WHAT TO WORK ON:
The reply should be an exact repeat of the listing, with no pictures in it.

DATA FOR THIS EXERCISE:
■ ■ ■ ■ ■ ■ ■

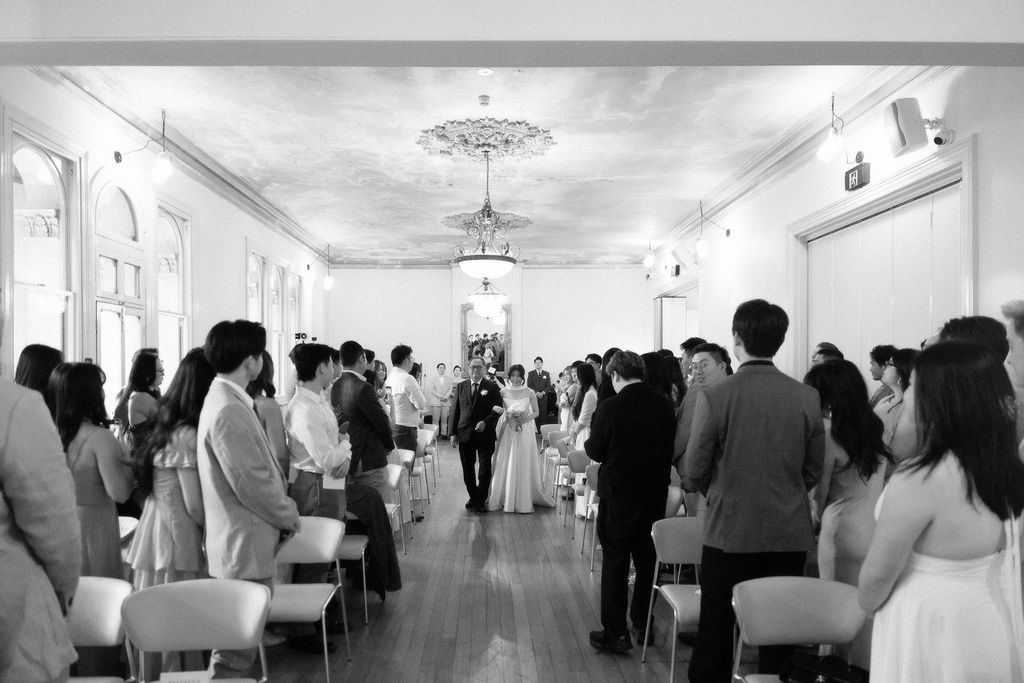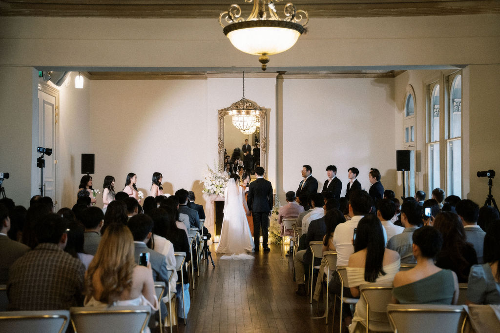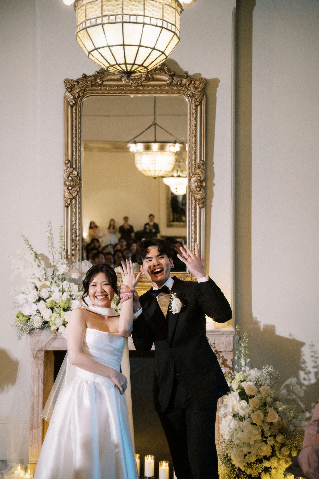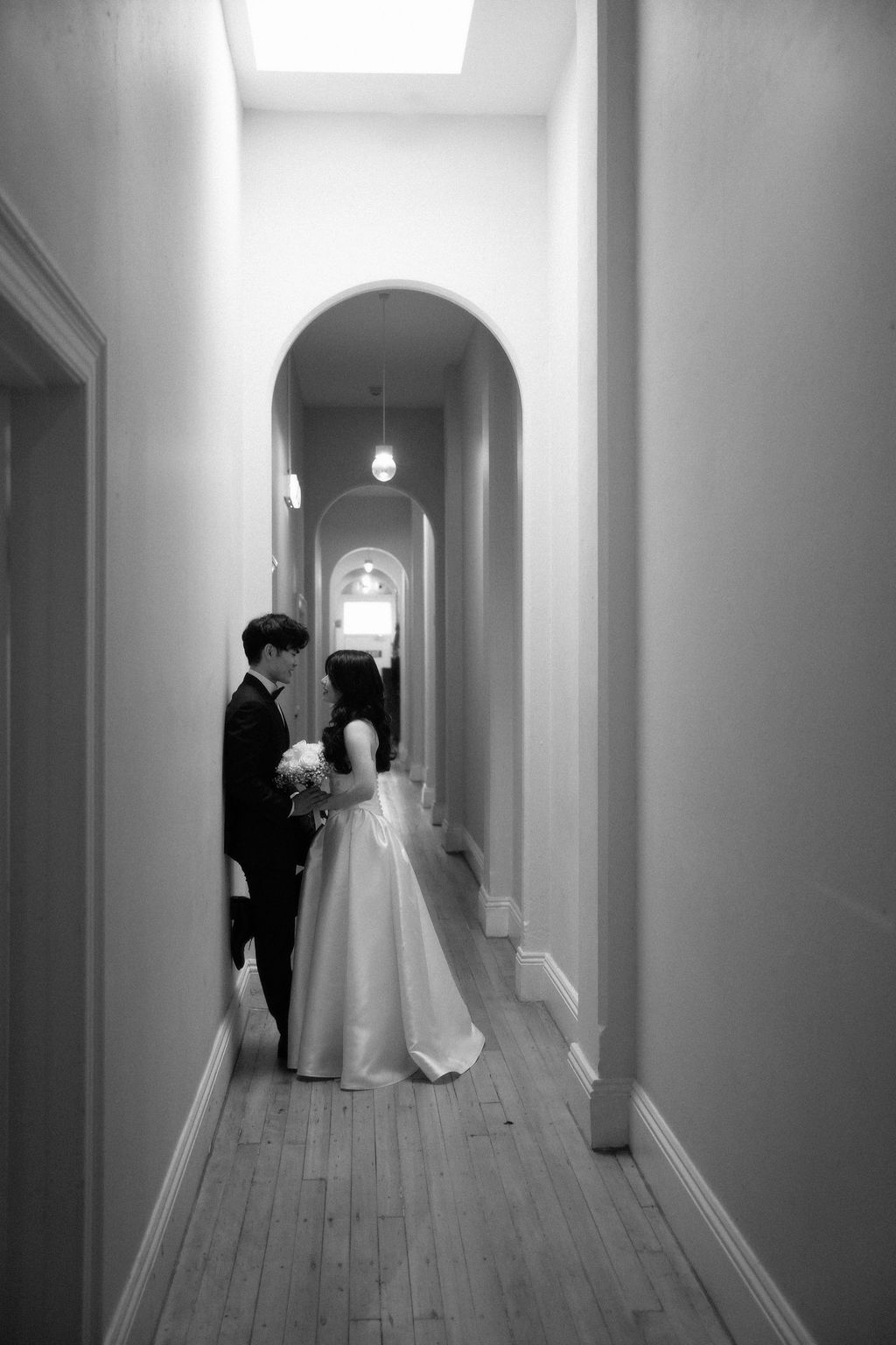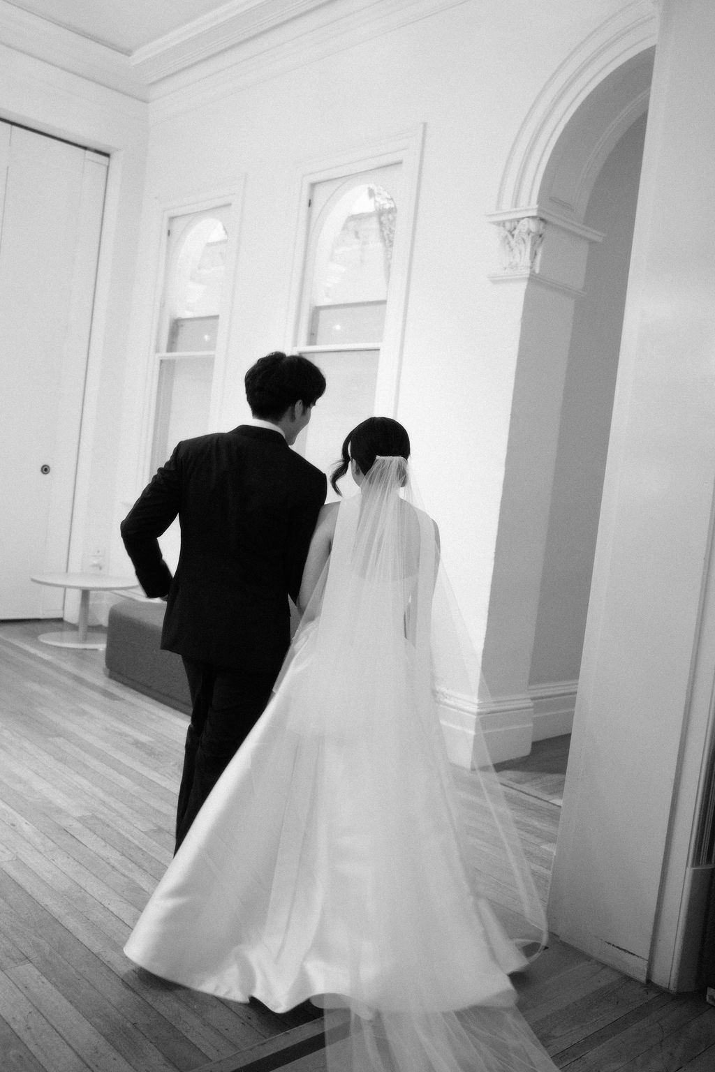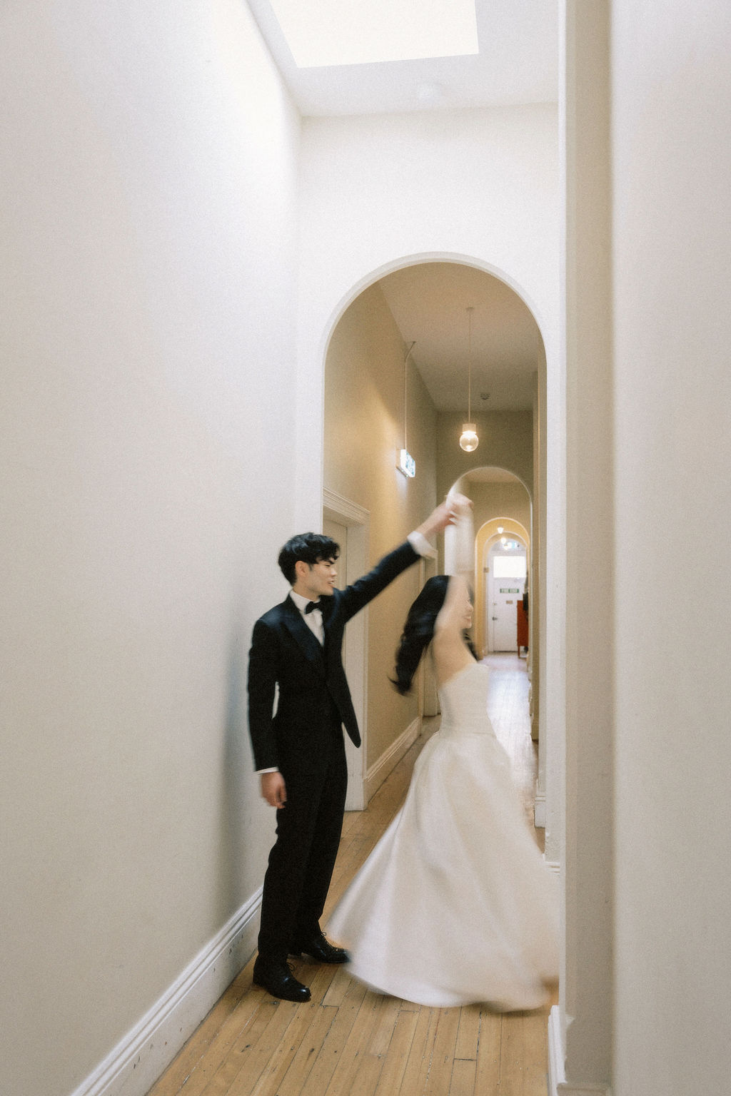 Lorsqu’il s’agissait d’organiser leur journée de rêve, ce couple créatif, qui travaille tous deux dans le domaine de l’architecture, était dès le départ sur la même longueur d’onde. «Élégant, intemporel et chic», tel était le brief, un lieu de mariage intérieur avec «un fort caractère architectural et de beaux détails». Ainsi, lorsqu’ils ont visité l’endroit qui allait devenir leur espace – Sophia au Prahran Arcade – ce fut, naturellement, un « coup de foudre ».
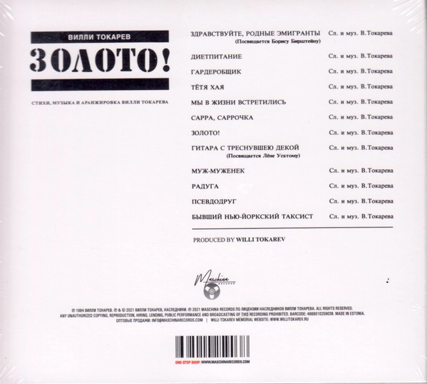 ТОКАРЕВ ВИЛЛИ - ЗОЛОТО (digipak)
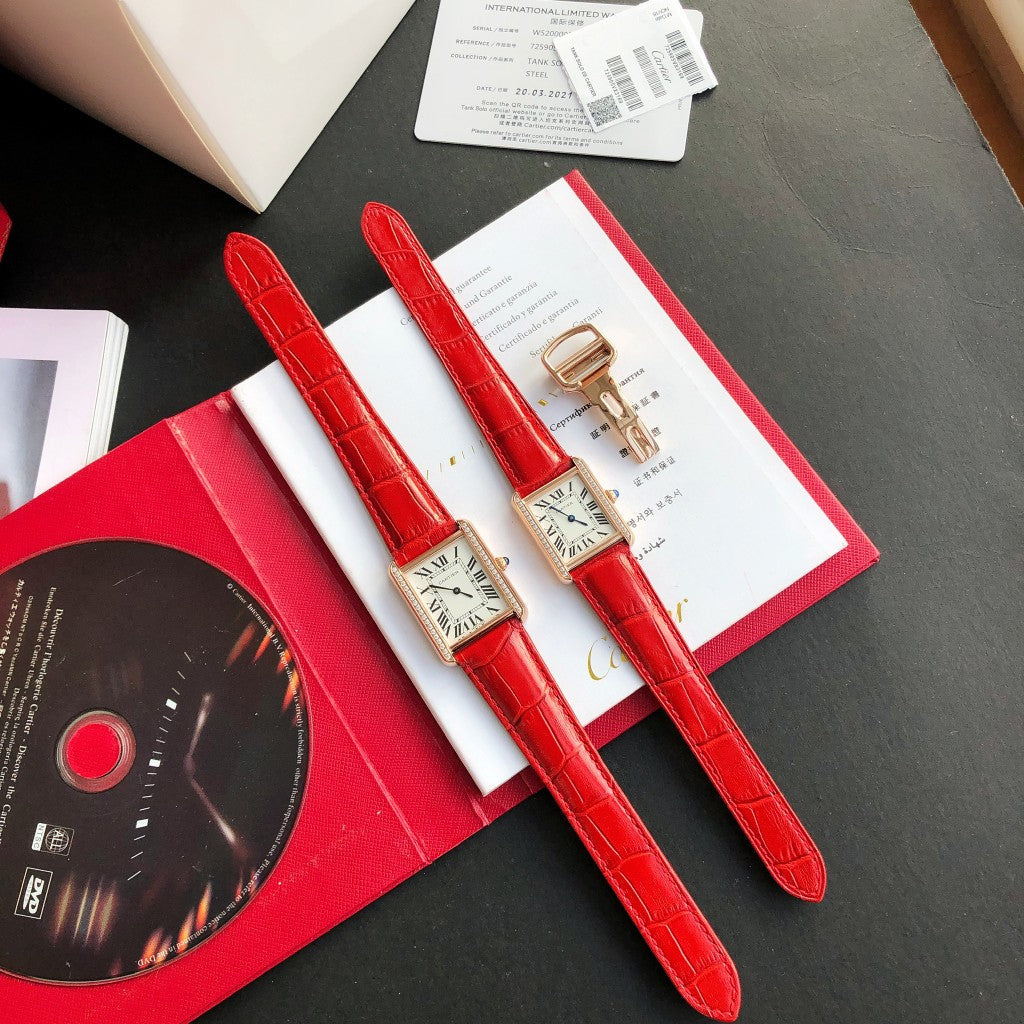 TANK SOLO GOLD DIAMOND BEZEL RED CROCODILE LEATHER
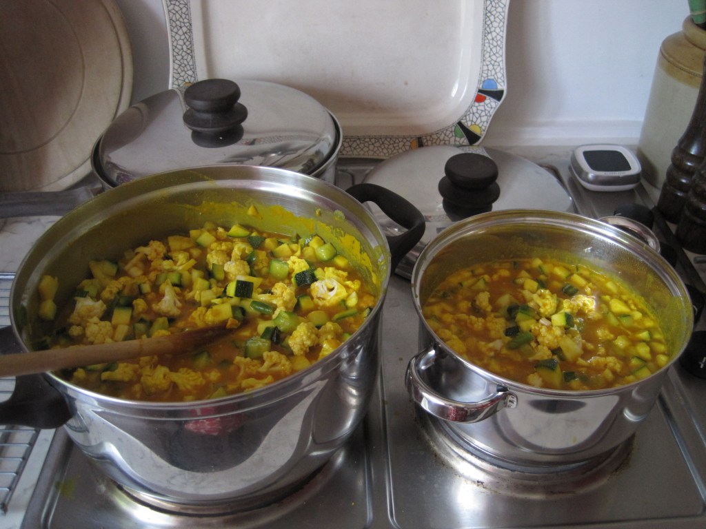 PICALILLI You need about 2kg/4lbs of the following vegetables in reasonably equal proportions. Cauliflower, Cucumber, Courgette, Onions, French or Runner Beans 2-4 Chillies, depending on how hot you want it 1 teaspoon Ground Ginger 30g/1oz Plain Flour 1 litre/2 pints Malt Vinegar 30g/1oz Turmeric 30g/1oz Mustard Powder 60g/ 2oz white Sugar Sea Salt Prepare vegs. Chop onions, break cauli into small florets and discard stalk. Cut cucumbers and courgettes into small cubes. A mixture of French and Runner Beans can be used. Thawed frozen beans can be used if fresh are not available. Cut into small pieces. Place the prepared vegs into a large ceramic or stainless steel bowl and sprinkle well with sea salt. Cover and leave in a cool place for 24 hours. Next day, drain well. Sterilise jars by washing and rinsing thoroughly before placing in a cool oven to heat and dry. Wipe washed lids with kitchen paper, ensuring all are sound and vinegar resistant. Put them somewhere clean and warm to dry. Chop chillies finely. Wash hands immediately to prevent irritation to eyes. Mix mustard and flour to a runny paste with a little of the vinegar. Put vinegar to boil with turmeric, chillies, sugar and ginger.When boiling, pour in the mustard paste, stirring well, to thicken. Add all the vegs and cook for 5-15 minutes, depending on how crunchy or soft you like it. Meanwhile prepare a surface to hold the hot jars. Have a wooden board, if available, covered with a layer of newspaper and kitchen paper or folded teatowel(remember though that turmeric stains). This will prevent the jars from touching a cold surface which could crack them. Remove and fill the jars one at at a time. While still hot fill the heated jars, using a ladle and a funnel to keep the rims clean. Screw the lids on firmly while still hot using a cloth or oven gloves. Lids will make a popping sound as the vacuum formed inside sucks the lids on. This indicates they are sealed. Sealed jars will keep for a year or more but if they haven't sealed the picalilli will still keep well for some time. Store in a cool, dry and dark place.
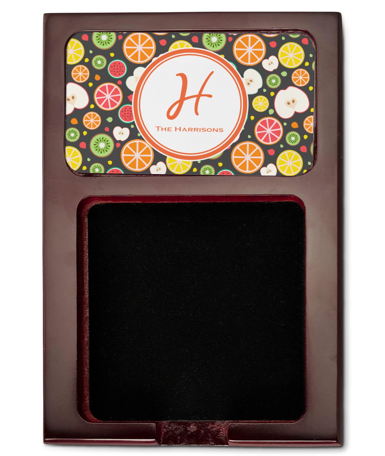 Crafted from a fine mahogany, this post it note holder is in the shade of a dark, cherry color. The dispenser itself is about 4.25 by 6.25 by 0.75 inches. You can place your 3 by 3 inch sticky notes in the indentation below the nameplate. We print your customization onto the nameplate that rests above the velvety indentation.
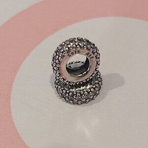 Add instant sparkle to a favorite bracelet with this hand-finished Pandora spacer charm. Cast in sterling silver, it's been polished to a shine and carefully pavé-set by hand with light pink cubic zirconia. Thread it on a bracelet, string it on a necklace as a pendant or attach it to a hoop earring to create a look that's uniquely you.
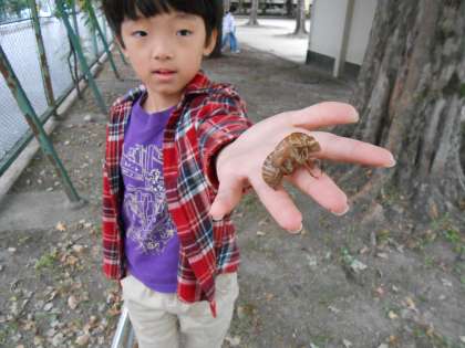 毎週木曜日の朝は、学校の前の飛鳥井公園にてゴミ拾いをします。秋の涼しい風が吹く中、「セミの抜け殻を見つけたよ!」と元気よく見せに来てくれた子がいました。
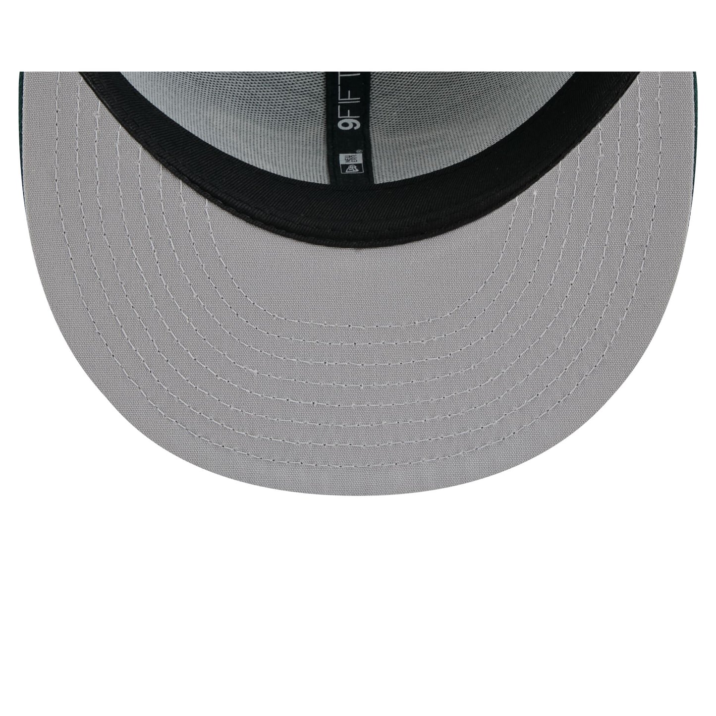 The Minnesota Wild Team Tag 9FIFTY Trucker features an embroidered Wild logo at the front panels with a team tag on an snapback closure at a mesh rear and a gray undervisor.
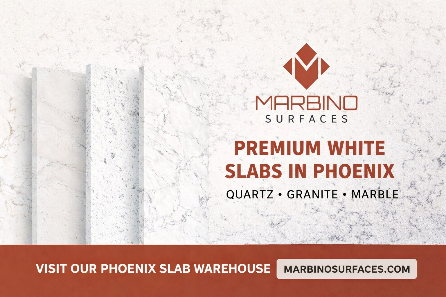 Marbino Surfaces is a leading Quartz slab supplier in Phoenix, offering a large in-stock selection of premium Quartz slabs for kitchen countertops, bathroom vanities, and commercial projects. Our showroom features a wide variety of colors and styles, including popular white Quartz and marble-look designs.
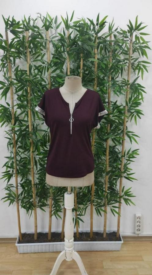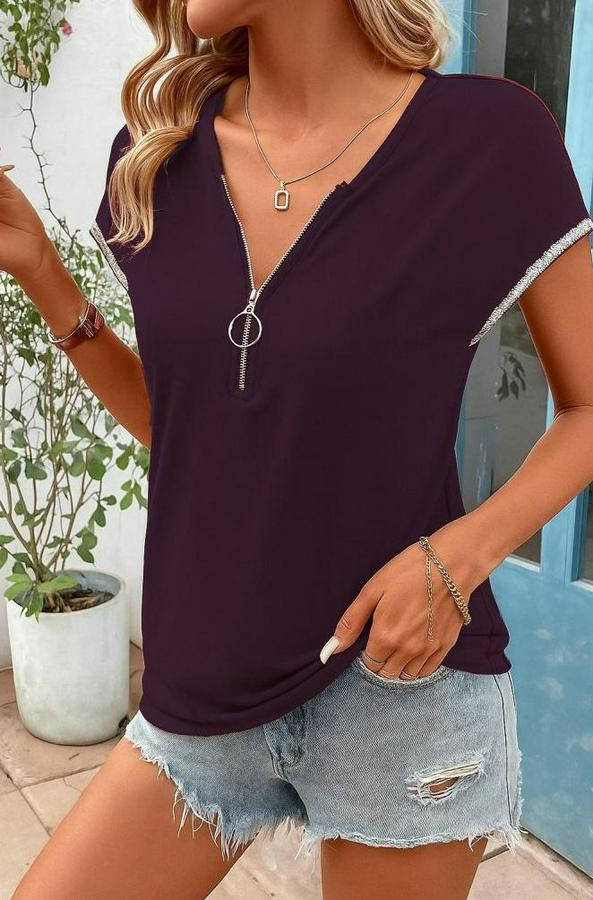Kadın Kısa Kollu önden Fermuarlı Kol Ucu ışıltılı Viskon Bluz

■ ■ ■ ■ ■ ■ ■

THE ANSWER:
 Lorsqu’il s’agissait d’organiser leur journée de rêve, ce couple créatif, qui travaille tous deux dans le domaine de l’architecture, était dès le départ sur la même longueur d’onde. «Élégant, intemporel et chic», tel était le brief, un lieu de mariage intérieur avec «un fort caractère architectural et de beaux détails». Ainsi, lorsqu’ils ont visité l’endroit qui allait devenir leur espace – Sophia au Prahran Arcade – ce fut, naturellement, un « coup de foudre ».
 ТОКАРЕВ ВИЛЛИ - ЗОЛОТО (digipak)
 TANK SOLO GOLD DIAMOND BEZEL RED CROCODILE LEATHER
 PICALILLI You need about 2kg/4lbs of the following vegetables in reasonably equal proportions. Cauliflower, Cucumber, Courgette, Onions, French or Runner Beans 2-4 Chillies, depending on how hot you want it 1 teaspoon Ground Ginger 30g/1oz Plain Flour 1 litre/2 pints Malt Vinegar 30g/1oz Turmeric 30g/1oz Mustard Powder 60g/ 2oz white Sugar Sea Salt Prepare vegs. Chop onions, break cauli into small florets and discard stalk. Cut cucumbers and courgettes into small cubes. A mixture of French and Runner Beans can be used. Thawed frozen beans can be used if fresh are not available. Cut into small pieces. Place the prepared vegs into a large ceramic or stainless steel bowl and sprinkle well with sea salt. Cover and leave in a cool place for 24 hours. Next day, drain well. Sterilise jars by washing and rinsing thoroughly before placing in a cool oven to heat and dry. Wipe washed lids with kitchen paper, ensuring all are sound and vinegar resistant. Put them somewhere clean and warm to dry. Chop chillies finely. Wash hands immediately to prevent irritation to eyes. Mix mustard and flour to a runny paste with a little of the vinegar. Put vinegar to boil with turmeric, chillies, sugar and ginger.When boiling, pour in the mustard paste, stirring well, to thicken. Add all the vegs and cook for 5-15 minutes, depending on how crunchy or soft you like it. Meanwhile prepare a surface to hold the hot jars. Have a wooden board, if available, covered with a layer of newspaper and kitchen paper or folded teatowel(remember though that turmeric stains). This will prevent the jars from touching a cold surface which could crack them. Remove and fill the jars one at at a time. While still hot fill the heated jars, using a ladle and a funnel to keep the rims clean. Screw the lids on firmly while still hot using a cloth or oven gloves. Lids will make a popping sound as the vacuum formed inside sucks the lids on. This indicates they are sealed. Sealed jars will keep for a year or more but if they haven't sealed the picalilli will still keep well for some time. Store in a cool, dry and dark place.
 Crafted from a fine mahogany, this post it note holder is in the shade of a dark, cherry color. The dispenser itself is about 4.25 by 6.25 by 0.75 inches. You can place your 3 by 3 inch sticky notes in the indentation below the nameplate. We print your customization onto the nameplate that rests above the velvety indentation.
 Add instant sparkle to a favorite bracelet with this hand-finished Pandora spacer charm. Cast in sterling silver, it's been polished to a shine and carefully pavé-set by hand with light pink cubic zirconia. Thread it on a bracelet, string it on a necklace as a pendant or attach it to a hoop earring to create a look that's uniquely you.
 毎週木曜日の朝は、学校の前の飛鳥井公園にてゴミ拾いをします。秋の涼しい風が吹く中、「セミの抜け殻を見つけたよ!」と元気よく見せに来てくれた子がいました。
 The Minnesota Wild Team Tag 9FIFTY Trucker features an embroidered Wild logo at the front panels with a team tag on an snapback closure at a mesh rear and a gray undervisor.
 Marbino Surfaces is a leading Quartz slab supplier in Phoenix, offering a large in-stock selection of premium Quartz slabs for kitchen countertops, bathroom vanities, and commercial projects. Our showroom features a wide variety of colors and styles, including popular white Quartz and marble-look designs.
Kadın Kısa Kollu önden Fermuarlı Kol Ucu ışıltılı Viskon Bluz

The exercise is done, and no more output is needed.